Well received by critics, Quills garnered numerous accolades for Rush, including nominations for an Oscar, BAFTA and a Golden Globe. The film was a modest art house success, averaging $27,709 per screen its debut weekend, and eventually grossing $17,989,277 internationally. Cited by historians as factually inaccurate, Quills filmmakers and writers said they were not making a biography of de Sade, but exploring issues such as censorship, pornography, sex, art, mental illness, and religion. It was released with an 18 rating from the British Board of Film Classification due to "strong horror, violence, sex, sexual violence, and nudity".[1]

Distributed by Fox Searchlight Pictures in 2000, Quills premiered in the United States at the Telluride Film Festival on 2 September 2000. It was given a limited release on 22 November 2000, with a wider release following on 15 December 2000. The film earned $249,383 its opening weekend in nine theaters,[20] totaling $7,065,332 domestically and $10,923,895 internationally, for a total of $17,989,227.[3]

Reviews were generally positive, with a 75% "fresh" rating at the review aggregate site Rotten Tomatoes and an average score of 70/100 at Metacritic.[21][22]
Elvis Mitchell of The New York Times complimented the "euphoric stylishness" of Kaufman's direction and Geoffrey Rush's "gleeful...flamboyant" performance.[23] Peter Travers for Rolling Stone wrote about the "exceptional" actors, particularly Geoffrey Rush's "scandalously good" performance as the Marquis, populating a film that is "literate, erotic, and spoiling to be heard."[24] Stephanie Zacharek of Salon.com enthused over the "delectable and ultimately terrifying fantasy" of Quills, with Rush as "sun king," enriched by a "luminous" supporting cast.[25]

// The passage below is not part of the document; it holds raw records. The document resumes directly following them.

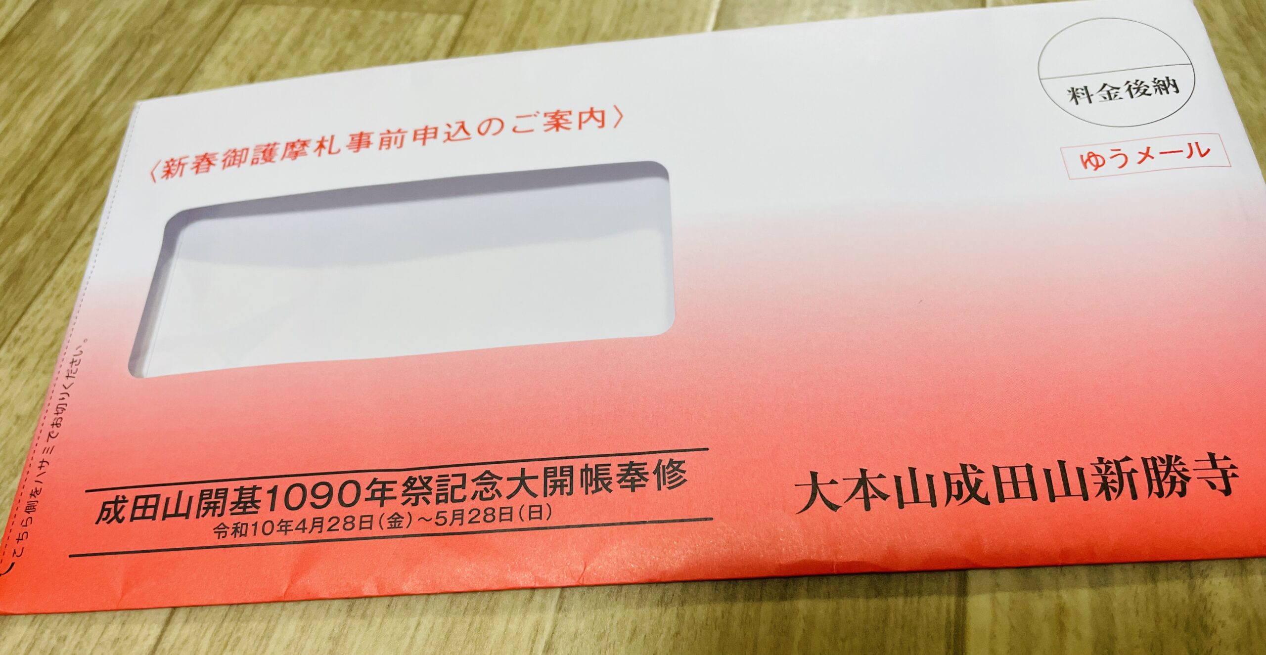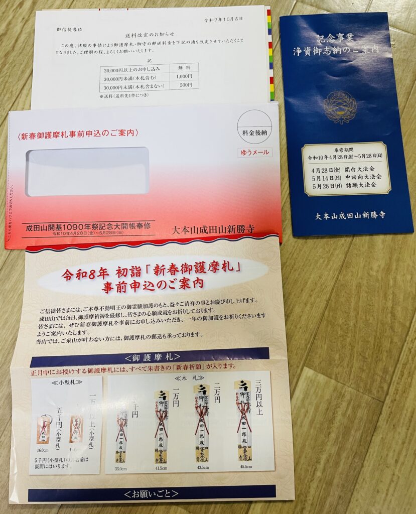 成田山から封書で来年のお札やお守りの
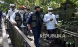 Menteri BUMN Erick Thohir (tengah) bersama Koordinator Staf Khusus Presiden Anak Agung Gede Ngurah Ari Dwipayana (kiri) saat mengunjungi obyek wisata Monkey Forest, Ubud, Gianyar, Bali, Senin (20/9/2021). Kunjungan Menteri BUMN ke obyek wisata yang dihuni sekitar 1.200 kera ekor panjang tersebut untuk memberi bantuan pakan hewan kepada pengelola obyek wisata di masa pandemi COVID-19. (FOTO : Antara/Nyoman Hendra Wibowo)
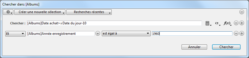 Pour définir une recherche par formule, affichez l'Editeur de recherches et effectuez Alt+clic (Windows) ou Option+clic (OS X) sur le bouton d’ajout de ligne de recherche .

The film was not without its detractors, including Richard Schickel of Time magazine, who decried director Philip Kaufman's approach as "brutally horrific, vulgarly unamusing," creating a film that succeeds only as "soft-gore porn."[26] Eleanor Ringel Gillespie of the Atlanta Journal-Constitution concurred, finding Quills "shrill, pretentious, sophomoric and often just plain dumb."[27] Kenneth Turan of the Los Angeles Times dismissed the film as an "overripe contrivance masquerading as high art",[28] while de Sade biographer Neil Schaeffer in The Guardian criticized the film for historical inaccuracies and for simplifying de Sade's complex life (see below).[29]